O governador afastado invocou a politização da operação, segundo ele comandada pela subprocuradora-geral da República, Lindora Araújo, que teria relação de amizade com o senador Flávio Bolsonaro. Este, não por acaso, foi o principal apoio a Witzel na eleição, enquanto fazia campanha vitoriosa para o Senado. Hoje são desafetos. A proximidade entre Jair Bolsonaro e Augusto Aras é evidente em recorrentes decisões e atitudes do Procurador Geral da República. Bolsonaro introduziu Aras na PGR pela porta dos fundos. Na porta da frente apresentavam-se três candidatos eleitos para a lista tríplice, que não é obrigatória, mas é muito recomendável. Atua na fronteira entre a PGR e a Advocacia Geral da União, favorecendo Bolsonaro, em busca da nomeação para ministro do STF em uma das duas vagas que se abrirão em breve. Witzel já havia atribuído a primeira ordem de busca e apreensão contra ele ao uso por Bolsonaro da Polícia Federal para persegui-lo. Jair Bolsonaro já acusou Witzel, várias vezes, de perseguir seus filhos usando a Polícia Civil e o MP estadual. Ambos podem ter razão, o que só agrava o triste quadro da política no Rio e em Brasília.

A situação de Witzel parece terminal. O ministro Alexandre de Morais derrubou decisão do presidente do STF, Dias Toffoli, que havia sustado o processo de impeachment do governador. A razão da interrupção foi a formação irregular da comissão que recomendou o impedimento ao plenário da Assembleia Legislativa. Deste modo, o processo será retomado e até as pedras do calçadão em frente ao Palácio Tiradentes já ouviram que se formou maioria contra o governador. Tudo se complica porque o vice-governador, Cláudio Castro (PSC), e o presidente da Assembleia Legislativa do Rio, André Ceciliano (PT), estão sob investigação. Caso governador e seu vice sejam afastados, caberá ao presidente da ALERJ assumir o governo interinamente e convocar eleições em 90 dias. Na sua falta, assumiria esta atribuição o presidente do Tribunal de Justiça do estado, desembargador Claudio de Mello Tavares.

Witzel e Bolsonaro foram eleitos como antagonistas da velha política. Mas, ambos têm ligações com o que há de mais velho.

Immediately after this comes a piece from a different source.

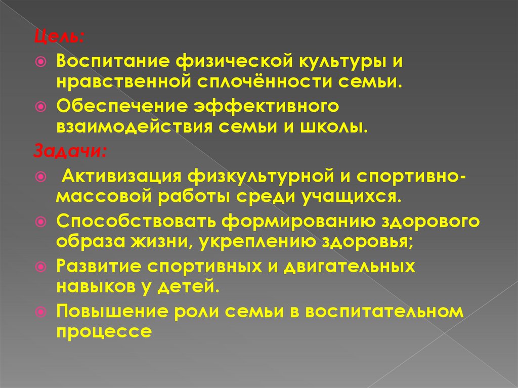 Элементом семейного воспитания являетсяфизическое воспитание, что проведение

Um dos elos que mantêm em comum com figuras do lodaçal fluminense é o pastor Everaldo, padrinho político de Witzel, como presidente do PSC, que fez o batismo de Bolsonaro, como pastor e, como político e evangélico, o ajudou em seu projeto presidencial. Os dois, presidente e governador, fundaram suas trajetórias nas lamas históricas do Rio, hoje uma das principais fontes dos males que afligem a política brasileira.

Enquanto elege figuras controversas local e nacionalmente, o Rio é palco da guerra permanente entre quadrilhas que controlam suas comunidades mais carentes. Não raro, os bandos se enfrentam também com milícias saídas das costelas das polícias do estado. A polícia mata sob o comando do governador, mas suas vítimas principais são as testemunhas inocentes do desgoverno e jovens negros, seus alvos preferenciais. Os bandidos também matam mais inocentes moradores, que vivem o desassossego interminável da expectativa do próximo tiroteio e suas vítimas.